Building implementations of the circuit breaker, fallback, and bulkhead patterns requires intimate knowledge of threads and thread management. Let’s face it, writing robust threading code is an art (which I’ve never mastered) and doing it correctly is difficult. To implement a high-quality set of implementations for the circuit-breaker, fallback, and bulkhead patterns would require a tremendous amount of work. Fortunately, you can use Spring Cloud and Netflix’s Hystrix library to provide you a battle-tested library that’s used daily in Netflix’s microservice architecture.

In the next several sections of this chapter we’re going to cover how to

  • Configure the licensing service’s maven build file (pom.xml) to include the Spring Cloud/Hystrix wrappers.
  • Use the Spring Cloud/Hystrix annotations to wrapper remote calls with a circuit breaker pattern.
  • Customize the individual circuit breakers on a remote resource to use custom timeouts for each call made. I’ll also demonstrate how to configure the circuit breakers so that you control how many failures occur before a circuit breaker “trips.”
  • Implement a fallback strategy in the event a circuit breaker has to interrupt a call or the call fails.
  • Use individual thread pools in your service to isolate service calls and build bulkheads between different remote resources being called.

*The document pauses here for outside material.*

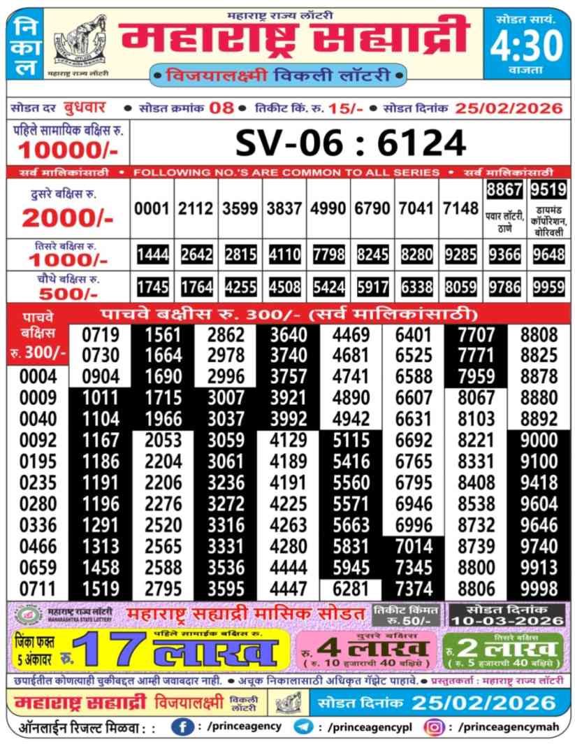 Maharashtra State Lottery 25.2.2026 Today Result is Maharashtra State Sahyadri Mahalaxmi Weekly Weekly lottery Result draw whose Maharashtra lottery result is published a day. Mainly Maharashtra State Lottery is 4:30 pm Maharashtra State Lottery but being combined with lottery sambad, Maharashtra State Lottery will release the results of 04:30PM is published.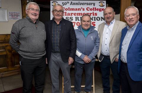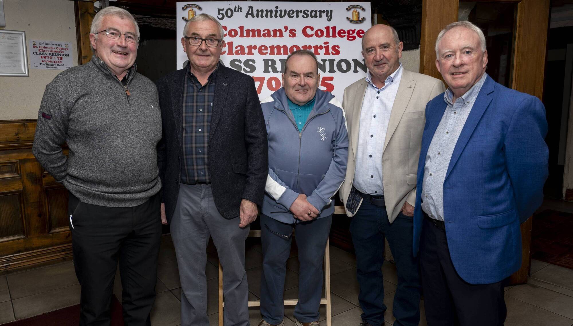 Enjoying the golden jubilee reunion at St Colman's College in Claremorris were, from left: Fr Tommy Commins, Gerry Gill, Paul Waldron, Alec Morley and Michael Clarke. Picture: John Corless

5.4. Setting up the licensing server to use Spring Cloud and Hystrix

To begin our exploration of Hystrix, you need to set up your project pom.xml to import the Spring Hystrix dependencies. You’ll take your licensing service that we’ve been building and modify its pom.xml by adding the maven dependencies for Hystrix:

<dependency>
 <groupId>org.springframework.cloud</groupId>
 <artifactId>spring-cloud-starter-hystrix</artifactId>
</dependency>
<dependency>
  <groupId>com.netflix.hystrix</groupId>
  <artifactId>hystrix-javanica</artifactId>
  <version>1.5.9</version>
</dependency>

The first <dependency> tag (spring-cloud-starter-hystrix) tells Maven to pull down the Spring Cloud Hystrix dependencies. This second <dependency> tag (hystrix-javanica) will pull down the core Netflix Hystrix libraries. With the Maven dependencies set up, you can go ahead and begin your Hystrix implementation using the licensing and organization services you built in previous chapters.

Note

You don’t have to include the hystrix-javanica dependencies directly in the pom.xml. By default, the spring-cloud-starter-hystrix includes a version of the hystrix-javanica dependencies. The Camden.SR5 release of the book used hystrix-javanica-1.5.6. The version of hystrix-javanica had an inconsistency introduced into it that caused the Hystrix code without a fallback to throw a java.lang.reflect. UndeclaredThrowableException instead of a com.netflix. hystrix.exception.HystrixRuntimeException. This was a breaking change for many developers who used older versions of Hystrix. The hystrix-javanica libraries fixed this in later releases, so I’ve purposely used a later version of hystrix-javanica instead of using the default version pulled in by Spring Cloud.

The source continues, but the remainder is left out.